Abstract
Purpose
The aim of this study is to analyze the agreement between the classifications based on morphology and diameter of vitreomacular traction (VMT) syndrome, as well as to correlate the morphological findings of VMT with specific maculopathies.
Methods
Fifty-three eyes with VMT syndrome were categorized into two classifications based on optical coherence tomography images: the VMT morphology (V- or J-shaped) and the diameter of adhesion (focal≤1500 μm or broad>1500 μm).
Results
High correlation was seen between V-shaped and focal-VMT and between J-shaped and broad-VMT (kappa=0.850; P<0.001), except in four cases with broad adhesion despite the presence of a V-shaped pattern. These four cases had common characteristics to those with broad vitreal attachment regarding associated maculopathies and visual function. V-shaped VMT (n=29) and focal-VMT (n=25) led to tractional cystoid macular edema (CME; 79.31% and 84%, respectively) and macular hole (MH; 37.93% and 44%); J-shaped VMT (n=24) and broad-VMT (n=28) were associated with epiretinal membranes (ERMs; 91.66% and 92.85%, respectively) and diffuse retinal thickening (62.50% and 64.28%). The best-corrected visual acuity (BCVA) was not significantly different between the groups (BCVA logarithm of the minimum angle of resolution: V-shaped, 0.45; J-shaped, 0.46; P=0.816; and focal, 0.50; broad, 0.42; P=0.198).
Conclusions
Although highly concordant, the classification based on the diameter of the adhesion and not on the classical adhesion morphology seemed to better reflect the specific macular changes. V-shaped and focal VMT led to tractional CME and MH, while J-shaped and broad VMT were associated with ERM and diffuse retinal thickening.
Introduction
The advent of a new method of high-definition optical coherence tomography (HD-OCT) has provided new insight into vitreomacular traction (VMT) syndrome through improved evaluation of the tractional forces at the vitreoretinal interface1, 2, 3 and the relationship of these tractional forces with specific macular conditions.4 In the past, VMT syndrome was considered an isolated pathology. Currently, it is believed to contribute to a wide spectrum of macular diseases, including cystoid macular edema (CME), macular holes (MHs) and epiretinal membranes (ERMs).4 Although the pathogeneses of these diseases are not completely understood,3, 4 OCT has implicated anteroposterior tractional force as a reasonable cause. Moreover, it is unclear why patients with VMT develop different maculopathies. This question has been the focus of several recent studies.2, 5, 6, 7, 8, 9, 10
A major classification of the VMT syndrome has not yet been established and universally accepted. Based on the morphological findings of OCT, the pattern of vitreomacular adherence can be divided into two categories: V-shaped and J-shaped types.11, 12 Another, distinct basis for classification (focal adhesion and broad adhesion)9 is based on the concept that the diameter of the vitreomacular attachment is inversely related to macular morbidity and foveal deformation. The narrower the vitreomacular attachment is, the greater the force will be on the macula, whereas diffuse vitreomacular adhesion may distribute the tractional force beyond the border of the foveal region.7
The primary purpose of this study was to analyze the agreement between the classifications based on the morphology and the diameter of VMT syndrome. The secondary aim of the study was to correlate the morphological findings of VMT syndrome with specific maculopathies.
Materials and methods
The secondary data of patients diagnosed with VMT syndrome between January 2008 and January 2010 in the Institut Universitari Barraquer were reviewed after the approval of the ethical committee of Universitat Autònoma de Barcelona (UAB, Barcelona, Spain) and Federal University of São Paulo (UNIFESP, São Paulo, Brazil).

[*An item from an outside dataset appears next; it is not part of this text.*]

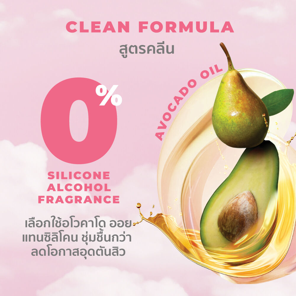 • Pore-Friendly: 0% Silicone ด้วย Avocado Oil ทดแทนซิลิโคน ลดโอกาสอุดตันผิว ชุ่มชื้นมากกว่า

VMT syndrome was defined as an attachment of the posterior hyaloid to the macula with a surrounding vitreous detachment and associated tractional macular distortion and symptomatic loss of visual function. Each patient underwent complete clinical and ophthalmic examinations, including measurement of the best-corrected visual acuity (BCVA), biomicroscopy, color fundus photography, and HD-OCT based on spectral-domain technology (Cirrus, Carl Zeiss Meditec, Dublin, CA, USA) with three-dimensional reconstruction. Pseudophakic patients who had CME were submitted to fluorescein angiography in order to compare with late Irvine-Gass syndrome, which generally exhibits significant capillary leakage, especially at the optic disc, on this examination. Otherwise, tractional CME, not linked with inflammatory aspects, shows only minimal leakage, if present at all.2
All eyes were divided according to two types of classification based on the relationship of the posterior hyaloid to the retina seen on OCT images. The first, related to the morphology of vitreofoveal adhesion, included two pathology groups: the V-shaped pattern (a perifoveal vitreous detachment with persistent vitreomacular adhesion) and the J-shaped pattern (an incomplete posterior vitreous detachment with persistent nasal attachment but detachment temporal to the fovea). The second classification was based on the diameter of the vitreomacular adhesion: focal VMT (maximal diameter of the vitreomacular attachment ≤1500 μm) and broad VMT (maximal diameter >1500 μm) (Figure 1). The length of the vitreoretinal adhesion was measured using the macular cube 512 × 128 combo and an electronic caliper in the HD-OCT instrument. The horizontal extent of the vitreous attachment was determined by the maximal length of the vitreous adhesion in 128 horizontal B scan lines comprising 512 axial scans. To determine the vertical extent of the vitreous attachment, the number of horizontal scans in which vitreoretinal attachment was seen was multiplied by the space between the scans. The greatest length of the horizontal or the vertical extent was defined as the maximal diameter of the vitreomacular attachment.7 HD-OCT automatically measured the central macular thickness (CMT) in the central fovea. To compare the mean CMT between the subgroups, the eyes with an inner lamellar MH, pseudohole, or full-thickness MH were excluded from the calculation, as proposed by Koizumi et al.7
Figure 1.
High-definition optical coherence tomography (OCT) images of vitreomacular traction (VMT) syndrome based on the pattern of vitreomacular adhesion: (a) V-shaped VMT and (b) J-shaped VMT. OCT images of the VMT syndrome classification based on the diameter of the vitreomacular adhesion: (c) focal VMT and (d) broad VMT.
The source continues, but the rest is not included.